- _TASK DETAILS_
Only one span is wanted from the lines below: from the one with "古代的长鼓,用獐皮做左边的厚" up to and including the one with "Stretch fitted sweater". Copy it exactly, without images.

- _MATERIAL SUPPLIED_
######
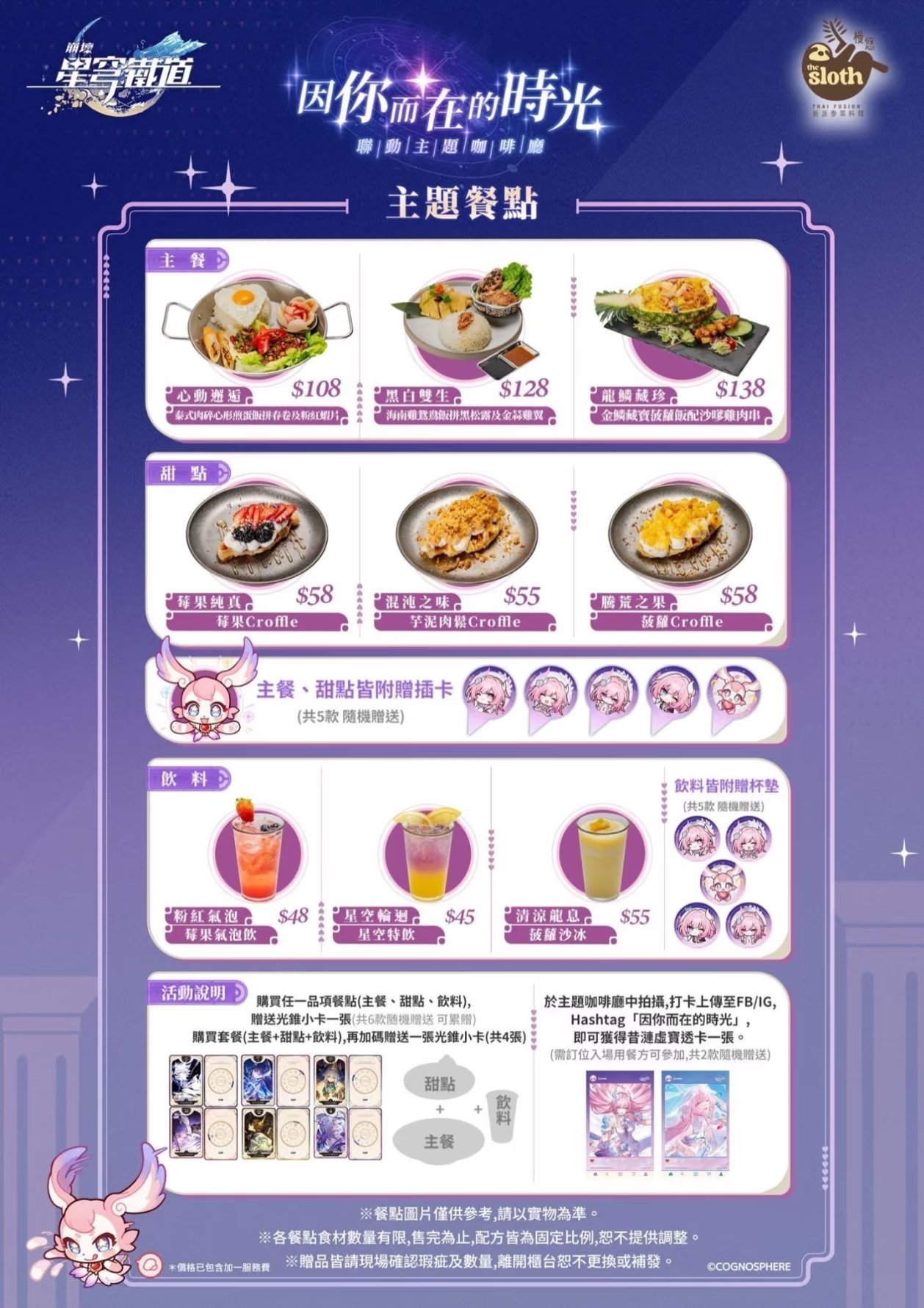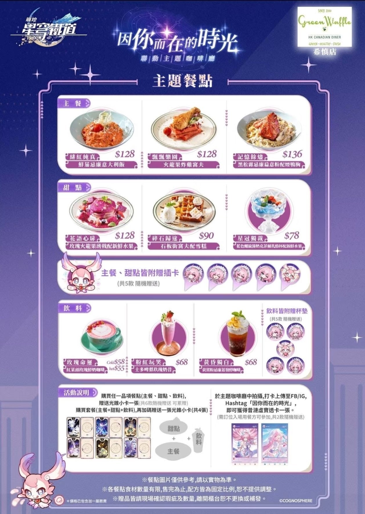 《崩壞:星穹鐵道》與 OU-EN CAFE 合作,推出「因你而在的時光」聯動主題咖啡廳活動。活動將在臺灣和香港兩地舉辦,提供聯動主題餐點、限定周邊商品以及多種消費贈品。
######
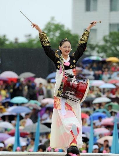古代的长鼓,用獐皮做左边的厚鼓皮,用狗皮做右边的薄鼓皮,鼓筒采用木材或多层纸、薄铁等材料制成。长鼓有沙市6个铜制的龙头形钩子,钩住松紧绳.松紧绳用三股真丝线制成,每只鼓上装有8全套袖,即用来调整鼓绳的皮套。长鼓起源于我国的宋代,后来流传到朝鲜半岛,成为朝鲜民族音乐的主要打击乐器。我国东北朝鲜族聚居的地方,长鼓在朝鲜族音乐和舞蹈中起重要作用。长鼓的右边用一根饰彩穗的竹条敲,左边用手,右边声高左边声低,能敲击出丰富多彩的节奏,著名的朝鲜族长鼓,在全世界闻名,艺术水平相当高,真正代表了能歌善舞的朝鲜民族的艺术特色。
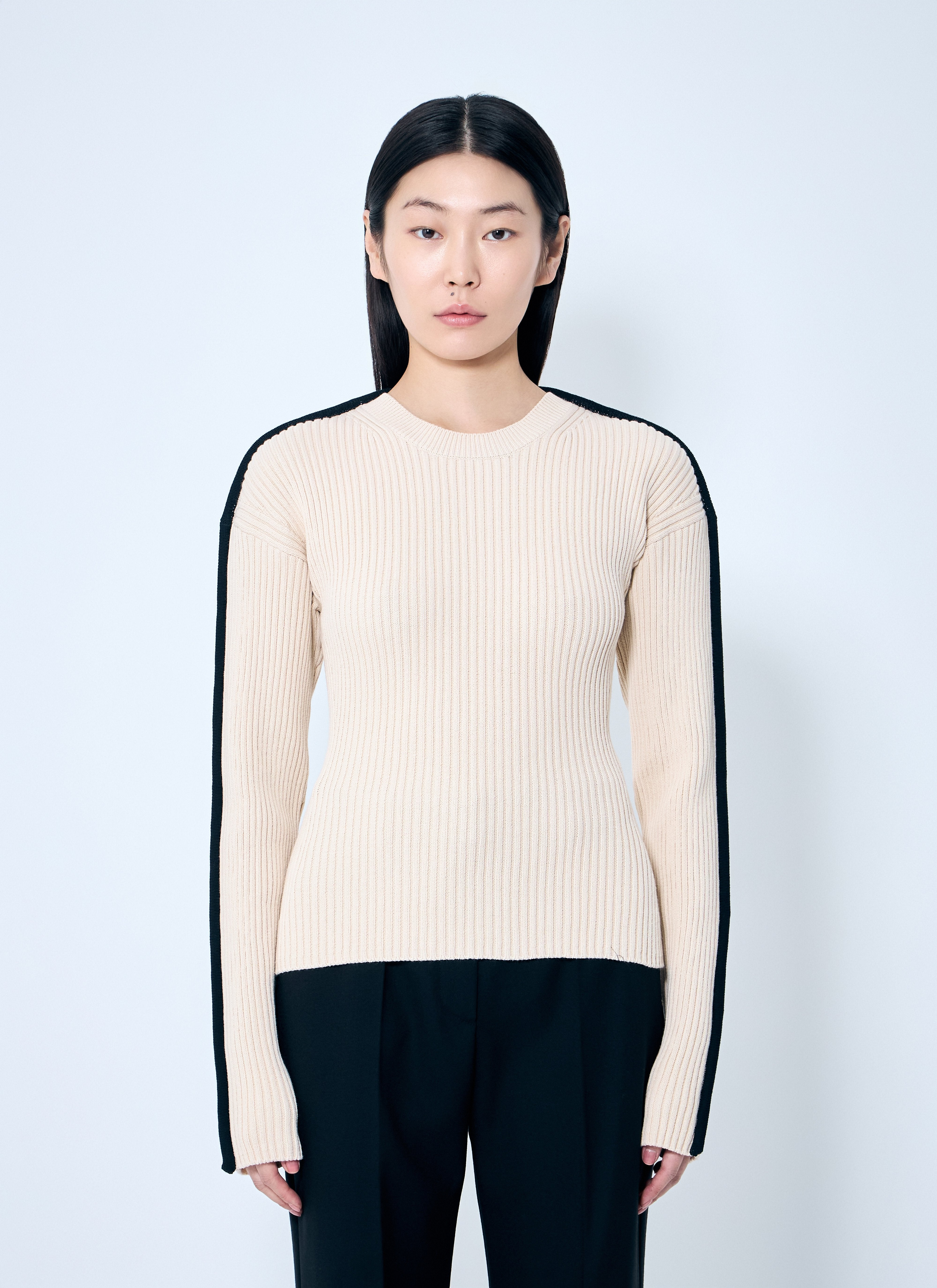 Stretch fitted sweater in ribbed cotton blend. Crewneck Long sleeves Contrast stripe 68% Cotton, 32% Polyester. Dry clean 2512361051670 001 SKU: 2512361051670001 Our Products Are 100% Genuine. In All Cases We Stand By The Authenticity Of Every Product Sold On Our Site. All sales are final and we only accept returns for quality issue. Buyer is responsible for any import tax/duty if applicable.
######
- _SOLUTION TO THIS TASK_
古代的长鼓,用獐皮做左边的厚鼓皮,用狗皮做右边的薄鼓皮,鼓筒采用木材或多层纸、薄铁等材料制成。长鼓有沙市6个铜制的龙头形钩子,钩住松紧绳.松紧绳用三股真丝线制成,每只鼓上装有8全套袖,即用来调整鼓绳的皮套。长鼓起源于我国的宋代,后来流传到朝鲜半岛,成为朝鲜民族音乐的主要打击乐器。我国东北朝鲜族聚居的地方,长鼓在朝鲜族音乐和舞蹈中起重要作用。长鼓的右边用一根饰彩穗的竹条敲,左边用手,右边声高左边声低,能敲击出丰富多彩的节奏,著名的朝鲜族长鼓,在全世界闻名,艺术水平相当高,真正代表了能歌善舞的朝鲜民族的艺术特色。
 Stretch fitted sweater in ribbed cotton blend. Crewneck Long sleeves Contrast stripe 68% Cotton, 32% Polyester. Dry clean 2512361051670 001 SKU: 2512361051670001 Our Products Are 100% Genuine. In All Cases We Stand By The Authenticity Of Every Product Sold On Our Site. All sales are final and we only accept returns for quality issue. Buyer is responsible for any import tax/duty if applicable.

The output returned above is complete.